Individuals with narcissistic personality disorder may come across as conceited or snobbish and often immobilize conversation. They belittle or look down on those they perceive as inferior. They also tend to seek others they perceive as equal to their own self-image, insisting on having the “best of” everything in cars, clubs and social circles.

Narcissists’ constant need for admiration and praise drive their personal relationships and interactions. They value others according to how well they affirm their unrealistic self-image, and they can manipulate others to gain social influence. People with this disorder usually aren’t capable of perceiving the needs or feelings of others.

Narcissistic traits are thought to have been learned from early childhood, usually when there is a culmination of parental coldness and excessive parental admiration. It is usually a situation where the caregiver gives indiscriminate praise as well as signals of coldness, which cause anxiety and a state of perpetual insecurity.

One of the most common questions from lawyers is whether they should adjust their practices to counteract the opposing counsel who displays narcissistic traits. The best advice I can give as a psychologist is not to engage a narcissist. It’s generally a losing battle, because narcissists make things all about themselves.

When a lawyer deals with a narcissist, he or she should remember that a narcissist always communicates with a false sense of empowerment. The lawyer should start by acknowledging that the narcissist has a good point, thereby letting this person feel he or she is in control. It is not wise to get into a power struggle with a narcissist. The lawyer then should tell the narcissist how the lawyer sees things from the narcissist’s perspective. Using this method allows the narcissist to feel a false sense of control and power over the other person.

The published data indicates that pro-position narcissism (when the narcissist thinks he does not have a problem) is difficult, if not impossible, to cure. The best way for a lawyer to deal with a narcissist is to understand the characteristics and avoid taking the behavior personally.

Self-Diagnosis

Lawyers reading this article who suspect they may have narcissistic tendencies should consider what they want to do about it. As with any psychiatric disorder, the issue becomes how badly patients want to change.

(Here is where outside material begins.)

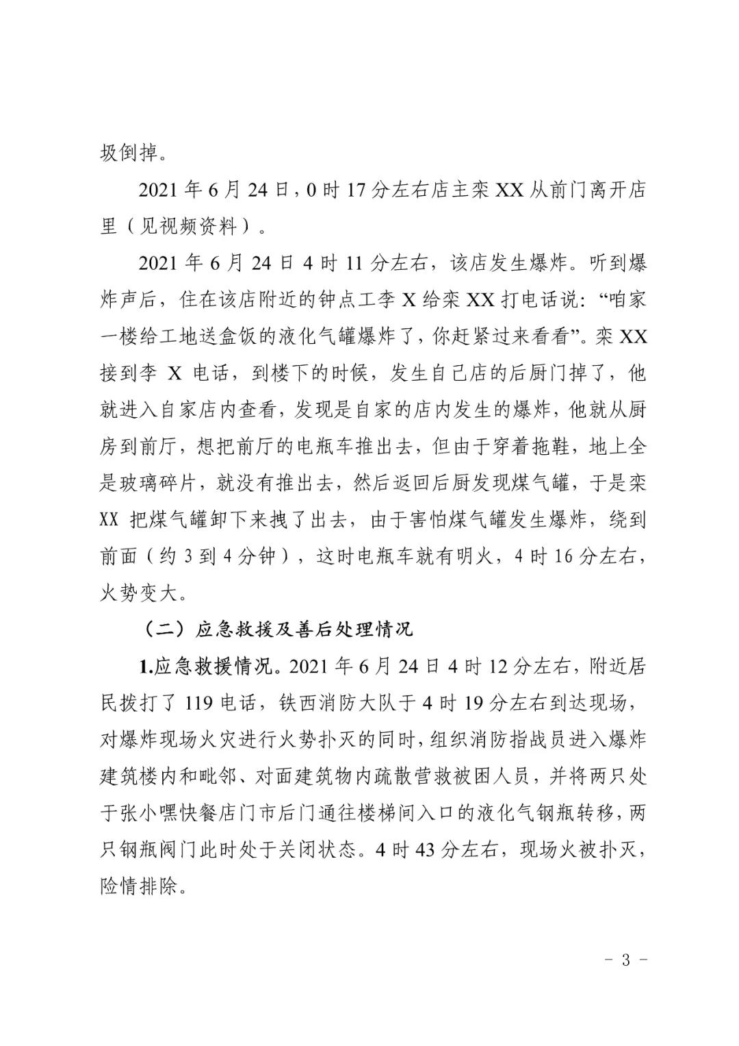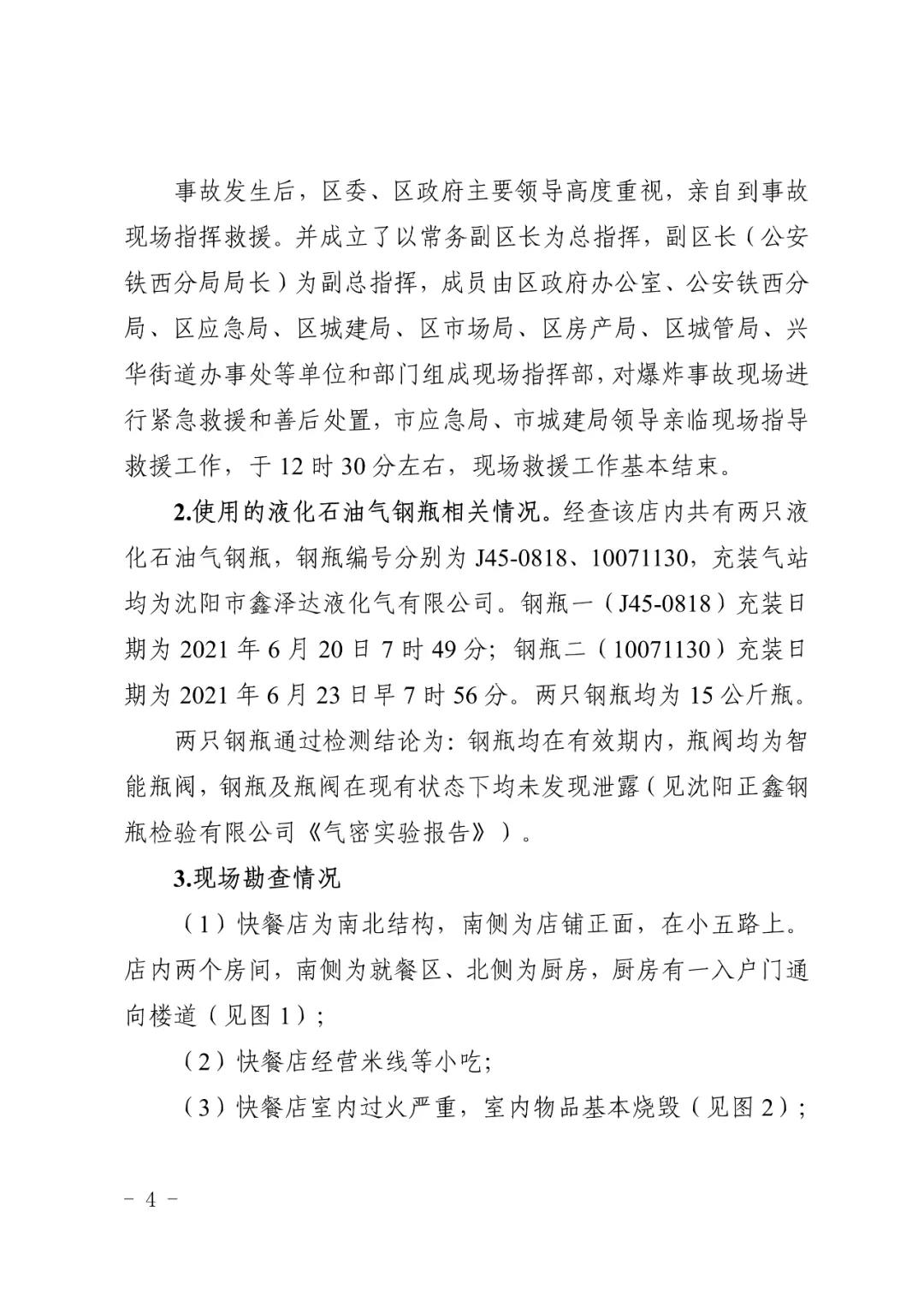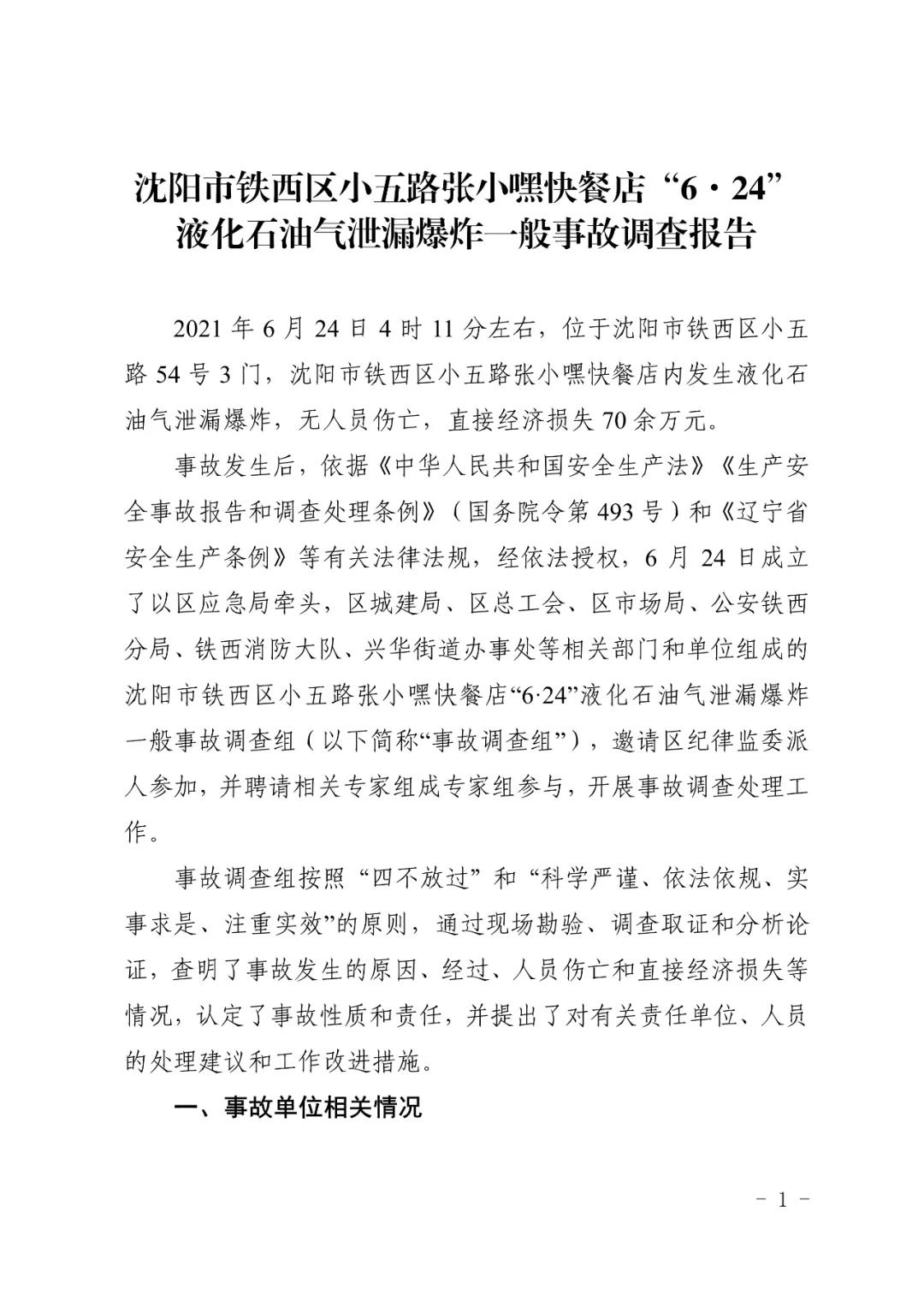 2021 年 6 月 24 日 4 時(shí) 11 分左右,位于沈陽(yáng)市鐵西區(qū)小五路 54 號(hào) 3 門,沈陽(yáng)市鐵西區(qū)小五路張小嘿快餐店內(nèi)發(fā)生液化石油氣泄漏爆炸,無人員傷亡,直接經(jīng)濟(jì)損失 70 余萬元。

Attorneys who want to change can start becoming aware when conversations turn to them. Listening is an essential skill. Learning to listen can be as easy as repeating back a few words the other person (judge or opponent) has said to indicate that the message has been received.

The greatest paradox of narcissism is that some aspects are not good or bad but simply part of a unique personality. Narcissistic behavior is destructive when it hurts those a lawyer loves or with whom a lawyer works.